THE PROBLEM:
Output only the lines of the entries that follow, starting at the one with "7月11日上午,前往井冈山黄" and running down to the one with "Varat skatīt iekārtai", both included and unchanged.

EXERCISE DATA:
== Segment start ==

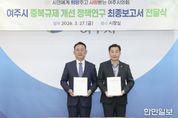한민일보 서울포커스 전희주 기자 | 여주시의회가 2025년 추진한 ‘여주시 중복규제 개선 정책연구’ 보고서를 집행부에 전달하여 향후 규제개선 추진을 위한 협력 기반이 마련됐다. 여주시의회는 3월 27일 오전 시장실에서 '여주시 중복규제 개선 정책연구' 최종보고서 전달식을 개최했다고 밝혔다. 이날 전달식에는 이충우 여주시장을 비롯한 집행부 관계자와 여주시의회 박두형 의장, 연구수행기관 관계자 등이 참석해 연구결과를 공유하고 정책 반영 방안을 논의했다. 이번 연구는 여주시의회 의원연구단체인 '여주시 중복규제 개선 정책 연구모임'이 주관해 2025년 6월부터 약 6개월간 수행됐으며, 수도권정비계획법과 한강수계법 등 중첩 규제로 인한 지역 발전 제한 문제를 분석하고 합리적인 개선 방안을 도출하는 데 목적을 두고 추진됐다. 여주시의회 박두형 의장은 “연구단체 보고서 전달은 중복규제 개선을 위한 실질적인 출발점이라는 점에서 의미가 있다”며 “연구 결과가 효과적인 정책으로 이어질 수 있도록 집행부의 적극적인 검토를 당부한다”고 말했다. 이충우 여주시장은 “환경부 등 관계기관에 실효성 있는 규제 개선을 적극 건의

== Segment end ==
== Segment start ==

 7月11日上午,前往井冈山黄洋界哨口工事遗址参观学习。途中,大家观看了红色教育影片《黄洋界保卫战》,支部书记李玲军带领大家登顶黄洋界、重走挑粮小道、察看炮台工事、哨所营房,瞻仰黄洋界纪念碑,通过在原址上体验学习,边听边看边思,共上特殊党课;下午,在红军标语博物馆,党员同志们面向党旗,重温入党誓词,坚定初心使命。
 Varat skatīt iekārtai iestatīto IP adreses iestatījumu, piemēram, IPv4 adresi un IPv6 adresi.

== Segment end ==

RESPONSE AREA:
 7月11日上午,前往井冈山黄洋界哨口工事遗址参观学习。途中,大家观看了红色教育影片《黄洋界保卫战》,支部书记李玲军带领大家登顶黄洋界、重走挑粮小道、察看炮台工事、哨所营房,瞻仰黄洋界纪念碑,通过在原址上体验学习,边听边看边思,共上特殊党课;下午,在红军标语博物馆,党员同志们面向党旗,重温入党誓词,坚定初心使命。
 Varat skatīt iekārtai iestatīto IP adreses iestatījumu, piemēram, IPv4 adresi un IPv6 adresi.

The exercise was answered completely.